Seulement, par-delà les questions de pure forme, c’est un conflit ontologique et épistémologique qui se profile derrière cette opposition de méthodes de réflexion et d’exposition de la pensée.  Pour le Négro-africain, la réalité d’un être, voire d’une chose, est toujours complexe puisqu’elle est le nœud de rapports avec les réalités des autres êtres, des autres choses. Autrement dit, un discours cartésien conviendrait à l’analyse ou la description d’une réalité constituée d’objets simples. Par contre, dès que cette réalité s’avère complexe, comme cela semble être de plus en plus confirmé par la science, un réexamen de la forme du discours qui lui est consacré s’impose, à tout le moins, qui tienne compte de la proposition africaine.

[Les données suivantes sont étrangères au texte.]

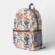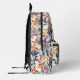 Whimsical watercolor leaves design backpack . Design features a seamless pattern of watercolor floral leaves in orange blue pink and green . Just add initials for a monogrammed gift to make a great fun backpack for students going back to school . Also great for weddings and Bachelorette / hen party events.
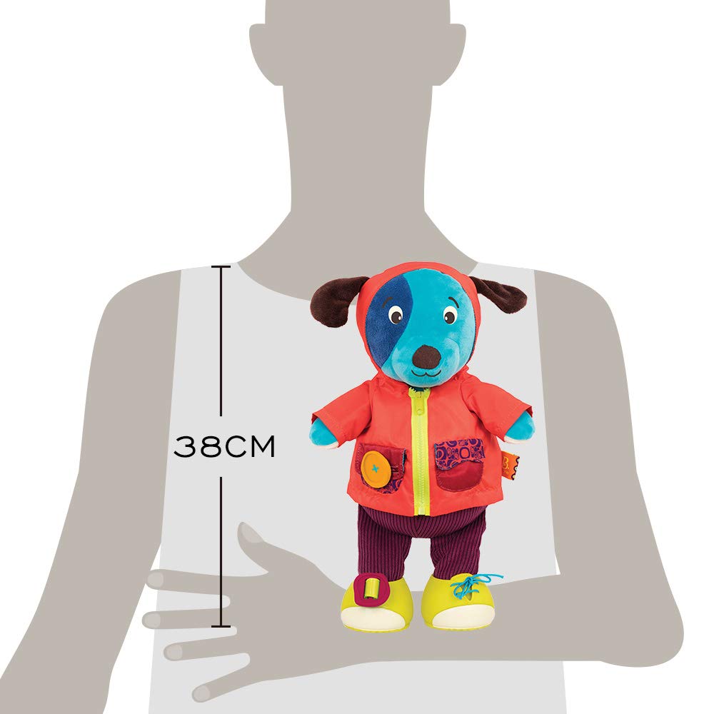 Catelusul B.Toys este o jucarie interactiva senzoriala care va ajuta copilul dvs sa se familiarizeze cu tot sistemul de inchidere pe care il puteti gasi pe haine.
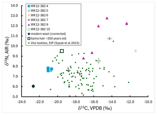 - Szpak, P.; Millaire, J.F.; White, C.D.; Donnan, C.B.; Longstaffe, F.J. Stable Isotope Sourcing of Wool from Textiles at Pacatnamu. Archaeometry 2018, 60, 612–627. [Google Scholar] [CrossRef]
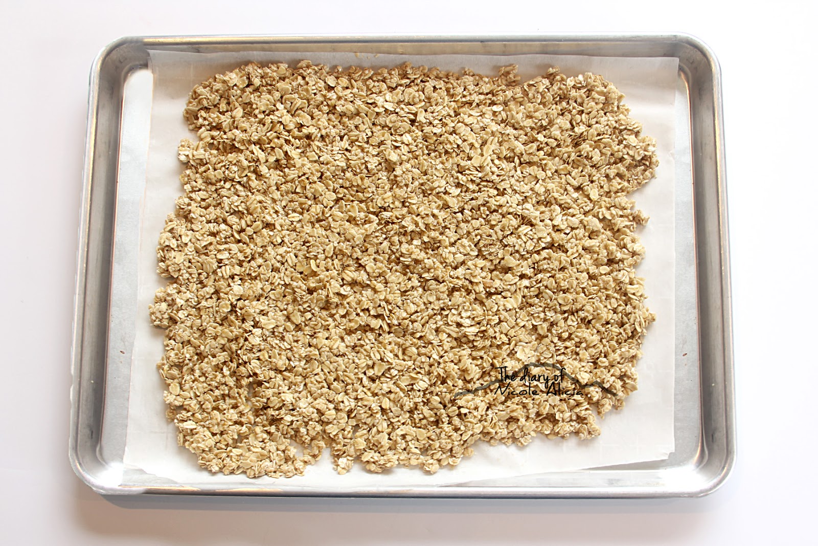 I do not like to break the granola up too much while I am cooking it as we like more of the granola clumps. If you do not like clumps in your granola, feel free to break it up more as you cook it.
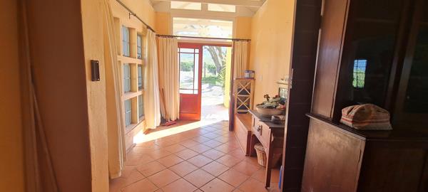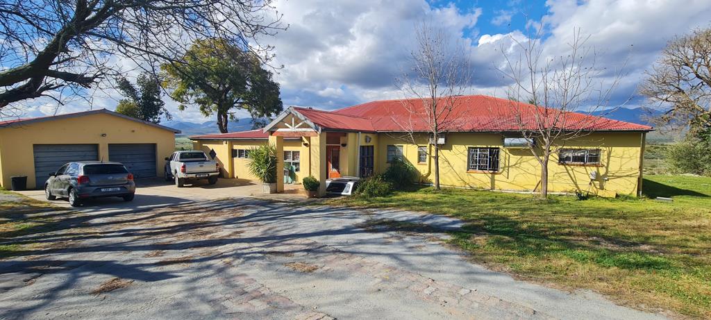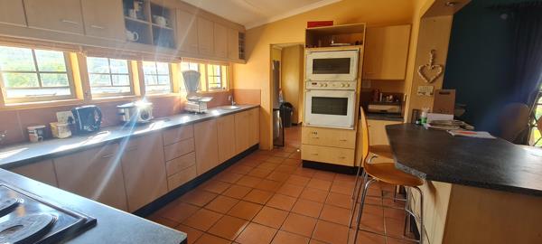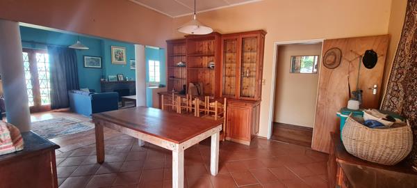 A spacious main house on the property offers 4 bedrooms, 2 bathrooms, a dining room and 2 open-plan lounging areas opening into the kitchen which is equipped with a scullery and store room/pantry. The backdoor opens onto the veranda and swimming pool boasting with spectacular views.
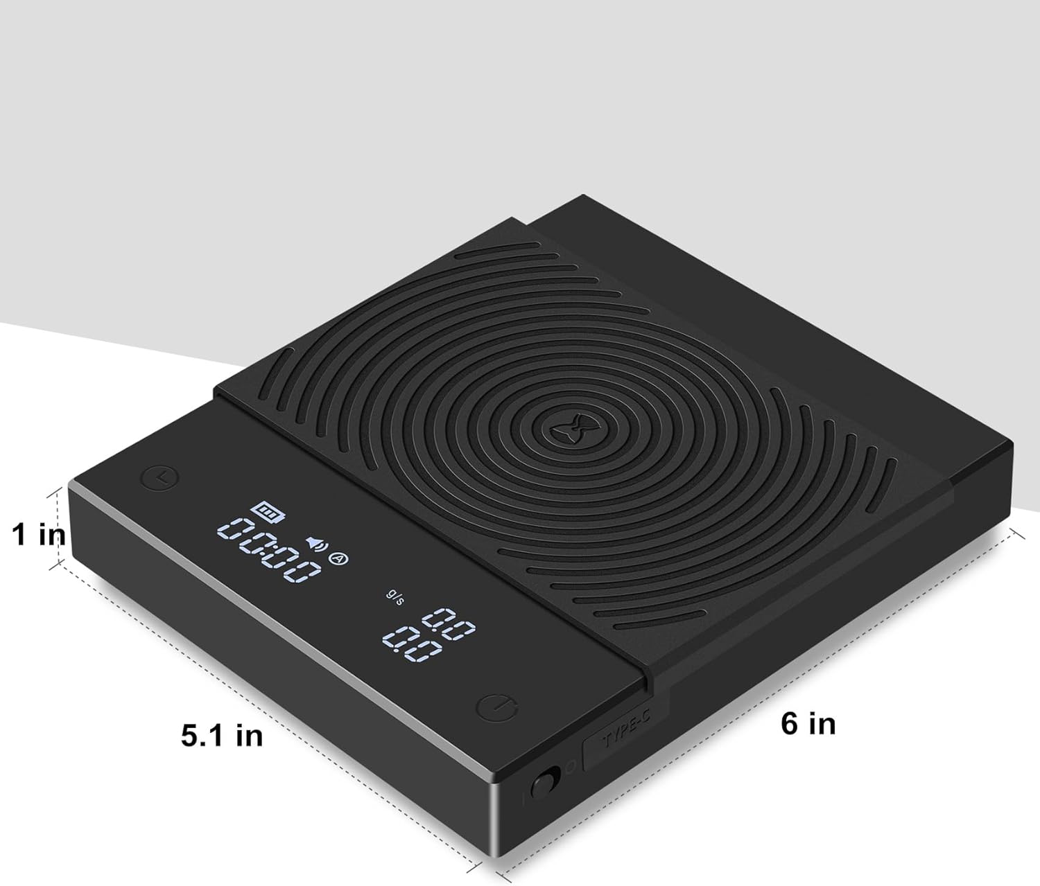 - AWESOME ACCURACY: Multifunction coffee scale equipped with high precision sensors and liquid Measurement technology, provide you accurate measurements from 0.1g up to 2kg(The initial minimum weight is 0.5G). Perfect for the volume of liquid measuring, home cooking, baking, and food portioning.
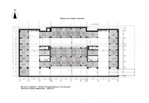 У підземному паркінгу передбачено 65 місць для авто та 4 місця для мототранспорту.
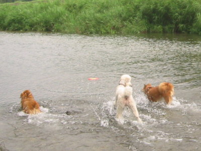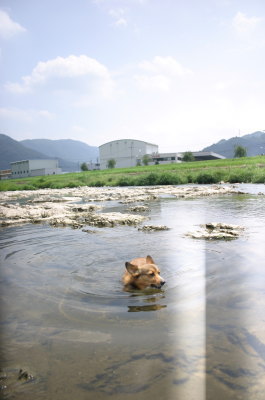 今日は宿直明けのお休み。宿直は、寝てるんだけど、やっぱり熟睡出来ないらしい。ので、本日もだらだらDAY。(>_<) お昼過ぎにパスタを食べに行って、夕方から「シルク温泉」へ。もちろんお風呂の前にはアトムのお散歩。今日も川遊び〜♪ 川ではレトリーブが大好きなアトム。流れが速い場所でも躊躇する事なく取りに行く。案外流されるのが面白かったりしてね。 |
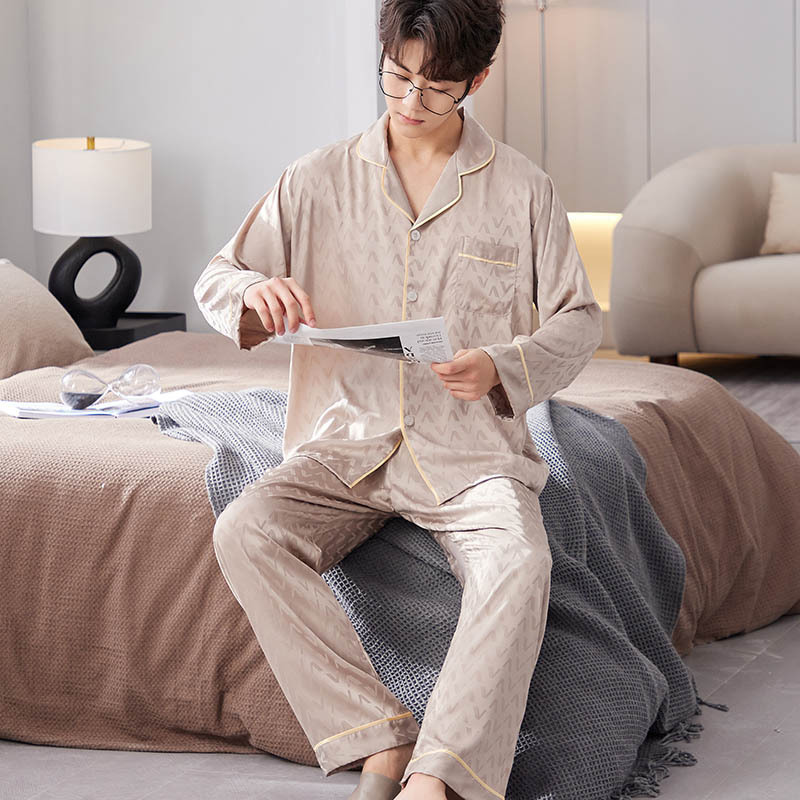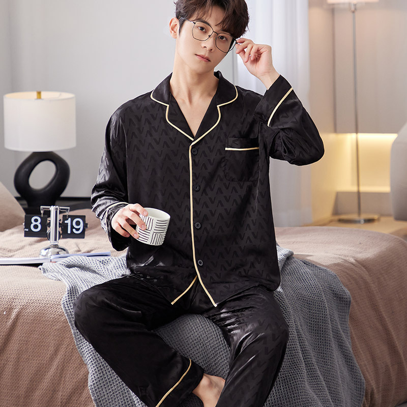 Пижама мужской ледяной шелк весной и осенью тонкий длинный рукав повседневный большой V может носить домашнюю одежду мужской летний шелковый костюм

Le penseur africain dispose donc des moyens de mettre en œuvre cette herméneutique entendue au sens d’ensemble des connaissances et des techniques qui permettent de faire parler les signes et de découvrir leur sens, et par conséquent qu’il soit capable d’appréhender toute activité humaine comme ensemble de discours et de significations. Elle seule permettrait de faire émerger les concepts, les opérateurs et les systèmes de pensée sous-jacents à leur expression première, d’en jauger la compétence logique et pratique, et de les mettre à la disposition du monde actuel. En le faisant, le penseur africain est sûr de participer avec le reste de l’humanité, à l’édification des fondements du paradigme nouveau qui, par-delà les vérités sectorielles approchées par les sciences, avec vocation à s’investir dans la quête renaissante des principes généraux, complexes, réels, universels et objectivables de la valeur, en d’autres termes, de ce qui est bien, beau et doit être recherché en toute circonstance. Les intellectuels africains prennent déjà la mesure des dimensions d’un tel projet. Parce que la crise qu’il faut surmonter n’est pas simplement une crise de la rationalité, mais une remise en cause complète des fondations de notre vie et des conditions de notre être au monde.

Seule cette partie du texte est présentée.